Co-chairman of the Council of Ministers of Bosnia and Herzegovina
- In office 3 February 1999 – 6 June 2000 Serving with Haris Silajdžić
- President: Alija Izetbegović Živko Radišić Ante Jelavić
- Preceded by: Boro Bosić
- Succeeded by: Spasoje Tuševljak (as Chairman of the Council of Ministers)
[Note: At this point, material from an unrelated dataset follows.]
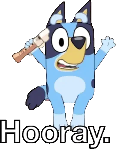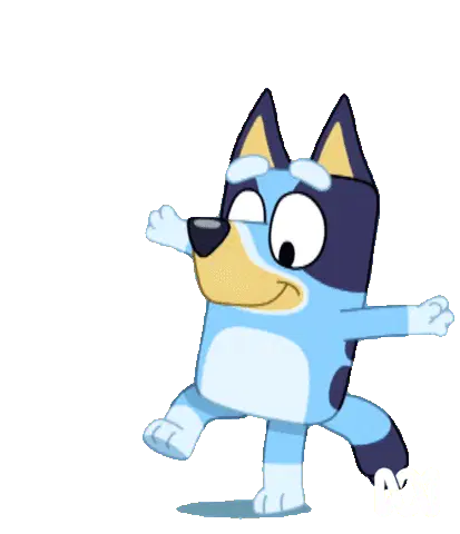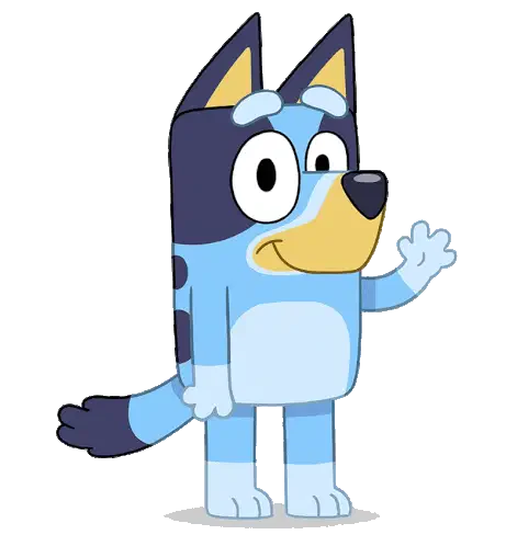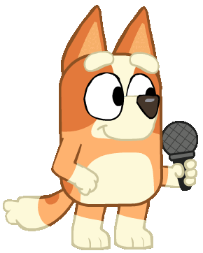 Bluey, the beloved cartoon dog, holds a microphone, ready to sing or speak. A fun animated sticker for expressing yourself.

Minister of Civil Affairs and Communication
- In office 22 February 2001 – 23 December 2002
- Prime Minister: Božidar Matić Zlatko Lagumdžija Dragan Mikerević
- Preceded by: Tihomir Gligorić
- Succeeded by: Safet Halilović (as Minister of Civil Affairs) Branko Dokić (as Minister of Communication and Traffic)

Personal details
- Born: 1949 (age 76–77) PR Bosnia and Herzegovina, FPR Yugoslavia
- Party: Socialist Party

= Svetozar Mihajlović =

Bosnian Serb politician

Svetozar Mihajlović (Светозар Михајловић; born 1949) is a Bosnian Serb politician who served as Co-Chairman of the Council of Ministers of Bosnia and Herzegovina from 1999 to 2000, serving alongside Haris Silajdžić.

Mihajlović subsequently served as Minister of Civil Affairs and Communication from 2001 to 2002. He is currently a member of the Senate of Republika Srpska.